WORK REQUIRED »
Your output should be the exact lines from the start of the data through the line containing "檢送本府衛生局113年度9-12月舉辦[高雄市特定公私場", with no pictures.

GIVEN DATA »
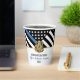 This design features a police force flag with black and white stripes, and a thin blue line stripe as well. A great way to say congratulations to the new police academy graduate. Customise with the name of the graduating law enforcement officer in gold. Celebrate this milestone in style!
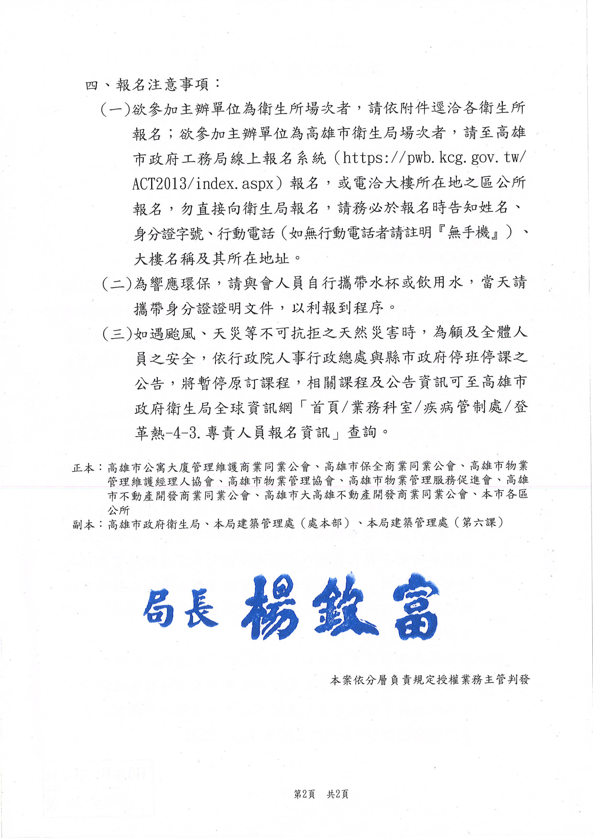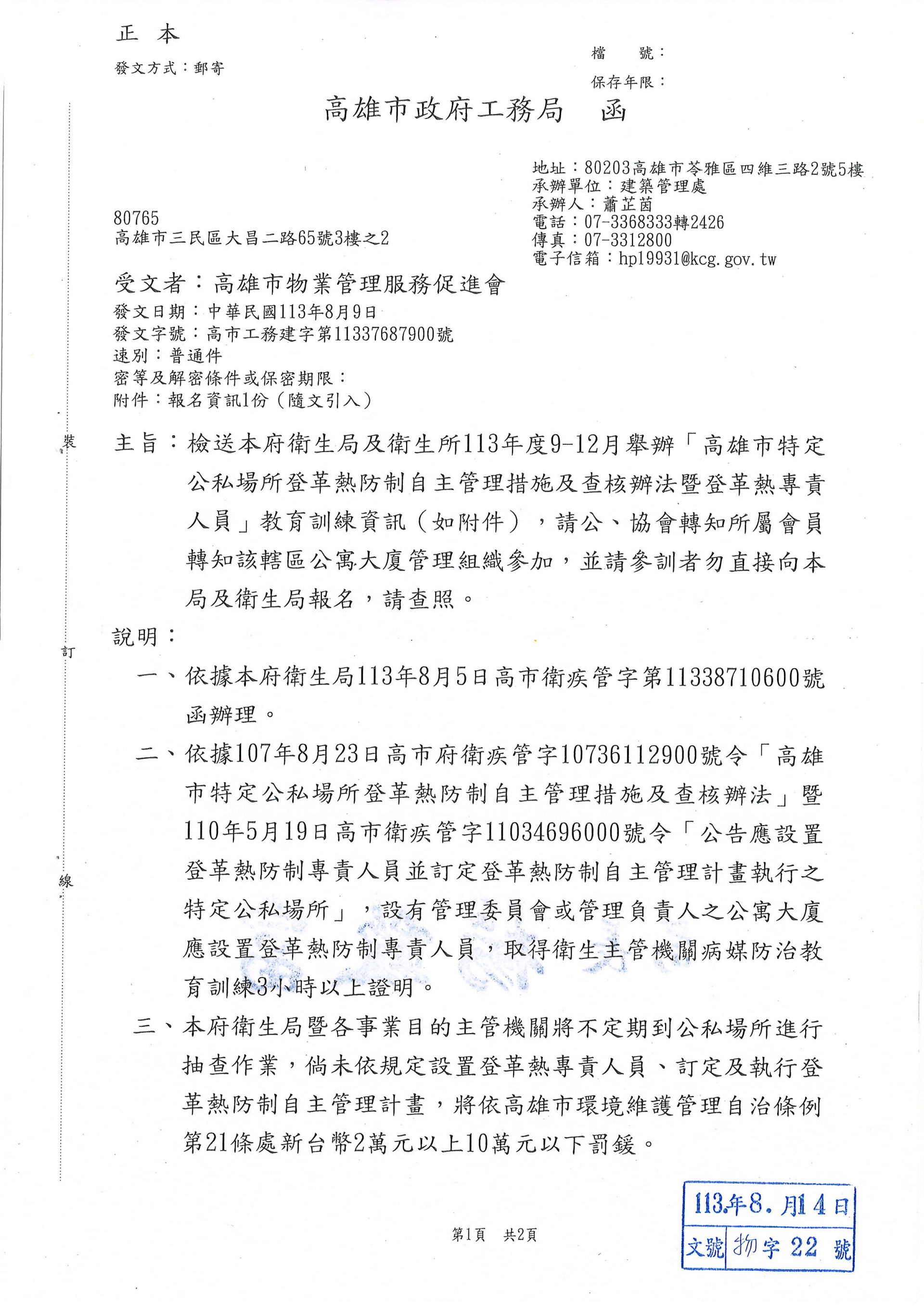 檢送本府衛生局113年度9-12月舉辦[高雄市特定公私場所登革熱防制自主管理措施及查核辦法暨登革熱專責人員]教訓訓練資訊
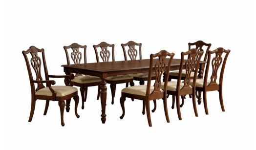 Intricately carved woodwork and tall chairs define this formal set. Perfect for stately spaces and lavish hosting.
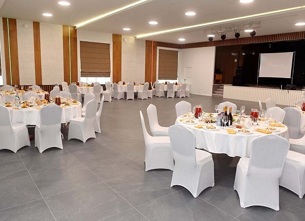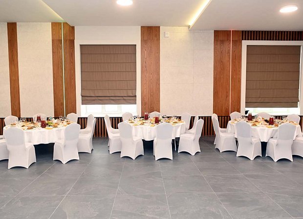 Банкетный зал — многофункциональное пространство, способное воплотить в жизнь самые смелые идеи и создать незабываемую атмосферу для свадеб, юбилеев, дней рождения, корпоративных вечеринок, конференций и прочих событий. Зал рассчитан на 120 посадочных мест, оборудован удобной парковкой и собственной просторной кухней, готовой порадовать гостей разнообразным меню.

ANSWER BOX »
 This design features a police force flag with black and white stripes, and a thin blue line stripe as well. A great way to say congratulations to the new police academy graduate. Customise with the name of the graduating law enforcement officer in gold. Celebrate this milestone in style!
 檢送本府衛生局113年度9-12月舉辦[高雄市特定公私場所登革熱防制自主管理措施及查核辦法暨登革熱專責人員]教訓訓練資訊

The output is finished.